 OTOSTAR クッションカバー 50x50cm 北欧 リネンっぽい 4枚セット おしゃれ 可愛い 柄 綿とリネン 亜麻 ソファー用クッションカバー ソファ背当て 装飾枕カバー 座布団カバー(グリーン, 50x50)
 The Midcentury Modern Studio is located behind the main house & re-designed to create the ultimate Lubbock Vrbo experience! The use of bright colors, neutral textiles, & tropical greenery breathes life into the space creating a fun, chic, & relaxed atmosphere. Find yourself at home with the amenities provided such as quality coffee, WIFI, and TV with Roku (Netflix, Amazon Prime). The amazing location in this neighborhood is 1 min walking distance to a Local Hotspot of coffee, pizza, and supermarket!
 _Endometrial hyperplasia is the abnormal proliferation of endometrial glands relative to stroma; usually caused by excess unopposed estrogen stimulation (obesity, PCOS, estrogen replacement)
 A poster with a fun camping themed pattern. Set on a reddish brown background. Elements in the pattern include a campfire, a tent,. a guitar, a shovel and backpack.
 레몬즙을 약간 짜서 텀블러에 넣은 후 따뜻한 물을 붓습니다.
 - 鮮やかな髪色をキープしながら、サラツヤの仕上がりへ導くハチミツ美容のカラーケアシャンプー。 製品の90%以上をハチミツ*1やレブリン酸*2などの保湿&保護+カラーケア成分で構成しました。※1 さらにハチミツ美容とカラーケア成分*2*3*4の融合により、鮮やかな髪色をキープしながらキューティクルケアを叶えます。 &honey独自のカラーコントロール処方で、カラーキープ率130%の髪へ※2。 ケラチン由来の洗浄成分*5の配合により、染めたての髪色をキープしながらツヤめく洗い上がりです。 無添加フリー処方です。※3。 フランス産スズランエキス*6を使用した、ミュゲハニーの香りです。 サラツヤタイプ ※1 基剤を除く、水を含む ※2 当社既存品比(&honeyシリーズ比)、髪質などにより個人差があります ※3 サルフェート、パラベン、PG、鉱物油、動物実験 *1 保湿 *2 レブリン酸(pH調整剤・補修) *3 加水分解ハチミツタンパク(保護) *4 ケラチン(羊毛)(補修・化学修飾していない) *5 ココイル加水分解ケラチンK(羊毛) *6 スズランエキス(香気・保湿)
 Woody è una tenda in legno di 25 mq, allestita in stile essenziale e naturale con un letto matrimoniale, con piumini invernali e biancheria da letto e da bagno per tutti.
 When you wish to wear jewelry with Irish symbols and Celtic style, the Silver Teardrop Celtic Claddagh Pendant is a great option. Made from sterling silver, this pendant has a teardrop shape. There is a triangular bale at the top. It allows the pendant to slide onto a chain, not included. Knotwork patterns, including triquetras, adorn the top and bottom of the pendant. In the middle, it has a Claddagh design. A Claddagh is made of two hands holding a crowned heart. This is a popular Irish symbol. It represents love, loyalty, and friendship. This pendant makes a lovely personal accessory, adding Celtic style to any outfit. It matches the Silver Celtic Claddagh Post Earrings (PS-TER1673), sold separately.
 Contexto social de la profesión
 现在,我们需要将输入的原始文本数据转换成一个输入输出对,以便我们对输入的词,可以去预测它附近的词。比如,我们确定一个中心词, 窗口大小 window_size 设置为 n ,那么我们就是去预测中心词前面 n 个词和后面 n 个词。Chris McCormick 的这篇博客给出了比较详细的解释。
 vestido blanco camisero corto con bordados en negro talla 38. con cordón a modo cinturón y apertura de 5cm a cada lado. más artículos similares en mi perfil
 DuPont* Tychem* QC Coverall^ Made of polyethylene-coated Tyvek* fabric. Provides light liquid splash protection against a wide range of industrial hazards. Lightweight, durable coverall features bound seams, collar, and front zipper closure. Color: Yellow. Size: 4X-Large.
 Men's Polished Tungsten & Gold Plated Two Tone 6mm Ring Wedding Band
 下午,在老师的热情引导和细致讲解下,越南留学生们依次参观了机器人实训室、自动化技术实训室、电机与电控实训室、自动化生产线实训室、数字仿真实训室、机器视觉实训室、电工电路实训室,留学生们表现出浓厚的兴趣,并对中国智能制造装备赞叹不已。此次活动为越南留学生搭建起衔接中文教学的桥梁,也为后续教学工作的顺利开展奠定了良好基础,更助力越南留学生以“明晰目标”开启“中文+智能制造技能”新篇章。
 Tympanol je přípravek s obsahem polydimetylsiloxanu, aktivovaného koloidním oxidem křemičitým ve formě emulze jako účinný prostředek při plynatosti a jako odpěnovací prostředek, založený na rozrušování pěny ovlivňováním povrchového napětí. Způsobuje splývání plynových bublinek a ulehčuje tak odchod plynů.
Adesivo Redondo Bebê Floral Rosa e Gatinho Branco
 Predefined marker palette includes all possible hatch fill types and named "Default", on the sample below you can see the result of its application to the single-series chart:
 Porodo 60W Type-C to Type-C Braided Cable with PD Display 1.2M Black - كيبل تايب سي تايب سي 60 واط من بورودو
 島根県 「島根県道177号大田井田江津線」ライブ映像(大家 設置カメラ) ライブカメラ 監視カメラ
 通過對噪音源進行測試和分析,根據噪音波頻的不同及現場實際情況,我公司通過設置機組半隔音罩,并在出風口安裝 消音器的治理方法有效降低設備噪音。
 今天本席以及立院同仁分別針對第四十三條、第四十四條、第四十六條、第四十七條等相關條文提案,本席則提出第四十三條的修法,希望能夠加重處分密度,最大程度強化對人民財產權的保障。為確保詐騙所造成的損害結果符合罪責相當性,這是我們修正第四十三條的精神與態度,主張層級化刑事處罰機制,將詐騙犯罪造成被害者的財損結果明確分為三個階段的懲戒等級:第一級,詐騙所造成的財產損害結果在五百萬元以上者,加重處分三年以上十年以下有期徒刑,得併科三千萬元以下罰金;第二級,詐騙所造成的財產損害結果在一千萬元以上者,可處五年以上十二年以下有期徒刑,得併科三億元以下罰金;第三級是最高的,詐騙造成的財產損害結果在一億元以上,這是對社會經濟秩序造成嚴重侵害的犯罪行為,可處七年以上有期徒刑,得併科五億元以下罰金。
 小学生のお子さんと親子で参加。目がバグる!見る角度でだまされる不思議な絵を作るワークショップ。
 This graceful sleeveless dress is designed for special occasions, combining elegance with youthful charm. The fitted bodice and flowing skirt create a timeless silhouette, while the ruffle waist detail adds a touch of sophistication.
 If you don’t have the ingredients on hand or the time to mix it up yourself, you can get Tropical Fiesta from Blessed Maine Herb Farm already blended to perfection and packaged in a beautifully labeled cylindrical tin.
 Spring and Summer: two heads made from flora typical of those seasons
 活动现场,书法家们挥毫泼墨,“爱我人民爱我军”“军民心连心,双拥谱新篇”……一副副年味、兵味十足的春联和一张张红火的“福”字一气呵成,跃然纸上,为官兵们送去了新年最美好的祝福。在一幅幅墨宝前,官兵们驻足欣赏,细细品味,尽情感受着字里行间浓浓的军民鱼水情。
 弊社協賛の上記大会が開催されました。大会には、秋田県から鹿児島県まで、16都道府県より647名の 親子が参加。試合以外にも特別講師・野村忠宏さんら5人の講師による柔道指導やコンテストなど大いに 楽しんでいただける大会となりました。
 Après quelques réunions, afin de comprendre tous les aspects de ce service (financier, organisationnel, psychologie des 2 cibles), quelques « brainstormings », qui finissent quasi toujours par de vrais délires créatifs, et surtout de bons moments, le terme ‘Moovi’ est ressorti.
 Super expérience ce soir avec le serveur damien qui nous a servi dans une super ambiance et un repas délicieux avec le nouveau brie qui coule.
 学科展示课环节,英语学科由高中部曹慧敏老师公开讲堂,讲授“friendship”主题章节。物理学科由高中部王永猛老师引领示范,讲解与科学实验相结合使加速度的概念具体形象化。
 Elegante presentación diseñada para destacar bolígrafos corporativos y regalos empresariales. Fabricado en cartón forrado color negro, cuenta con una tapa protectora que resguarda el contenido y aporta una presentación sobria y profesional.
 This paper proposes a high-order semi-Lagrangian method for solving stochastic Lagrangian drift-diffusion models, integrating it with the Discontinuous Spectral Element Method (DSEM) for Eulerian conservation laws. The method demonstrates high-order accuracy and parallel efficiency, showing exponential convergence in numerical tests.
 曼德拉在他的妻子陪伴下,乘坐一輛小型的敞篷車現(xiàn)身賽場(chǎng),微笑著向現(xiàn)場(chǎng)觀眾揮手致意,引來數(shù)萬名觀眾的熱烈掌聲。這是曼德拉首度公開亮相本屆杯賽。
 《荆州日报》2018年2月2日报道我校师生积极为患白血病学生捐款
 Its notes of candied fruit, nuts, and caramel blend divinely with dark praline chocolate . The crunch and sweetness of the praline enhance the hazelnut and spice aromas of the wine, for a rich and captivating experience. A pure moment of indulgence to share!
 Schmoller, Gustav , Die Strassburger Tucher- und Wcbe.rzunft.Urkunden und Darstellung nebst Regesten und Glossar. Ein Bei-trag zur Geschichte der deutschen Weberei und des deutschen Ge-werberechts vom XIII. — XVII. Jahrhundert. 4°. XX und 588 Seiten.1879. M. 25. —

▬▬▬▬▬▬▬▬▬▬

Reproduce only the lines above, starting at the line with "Tympanol je přípravek" and ending at the line with "This graceful sleeveless", exactly as written.

 Tympanol je přípravek s obsahem polydimetylsiloxanu, aktivovaného koloidním oxidem křemičitým ve formě emulze jako účinný prostředek při plynatosti a jako odpěnovací prostředek, založený na rozrušování pěny ovlivňováním povrchového napětí. Způsobuje splývání plynových bublinek a ulehčuje tak odchod plynů.
Adesivo Redondo Bebê Floral Rosa e Gatinho Branco
 Predefined marker palette includes all possible hatch fill types and named "Default", on the sample below you can see the result of its application to the single-series chart:
 Porodo 60W Type-C to Type-C Braided Cable with PD Display 1.2M Black - كيبل تايب سي تايب سي 60 واط من بورودو
 島根県 「島根県道177号大田井田江津線」ライブ映像(大家 設置カメラ) ライブカメラ 監視カメラ
 通過對噪音源進行測試和分析,根據噪音波頻的不同及現場實際情況,我公司通過設置機組半隔音罩,并在出風口安裝 消音器的治理方法有效降低設備噪音。
 今天本席以及立院同仁分別針對第四十三條、第四十四條、第四十六條、第四十七條等相關條文提案,本席則提出第四十三條的修法,希望能夠加重處分密度,最大程度強化對人民財產權的保障。為確保詐騙所造成的損害結果符合罪責相當性,這是我們修正第四十三條的精神與態度,主張層級化刑事處罰機制,將詐騙犯罪造成被害者的財損結果明確分為三個階段的懲戒等級:第一級,詐騙所造成的財產損害結果在五百萬元以上者,加重處分三年以上十年以下有期徒刑,得併科三千萬元以下罰金;第二級,詐騙所造成的財產損害結果在一千萬元以上者,可處五年以上十二年以下有期徒刑,得併科三億元以下罰金;第三級是最高的,詐騙造成的財產損害結果在一億元以上,這是對社會經濟秩序造成嚴重侵害的犯罪行為,可處七年以上有期徒刑,得併科五億元以下罰金。
 小学生のお子さんと親子で参加。目がバグる!見る角度でだまされる不思議な絵を作るワークショップ。
 This graceful sleeveless dress is designed for special occasions, combining elegance with youthful charm. The fitted bodice and flowing skirt create a timeless silhouette, while the ruffle waist detail adds a touch of sophistication.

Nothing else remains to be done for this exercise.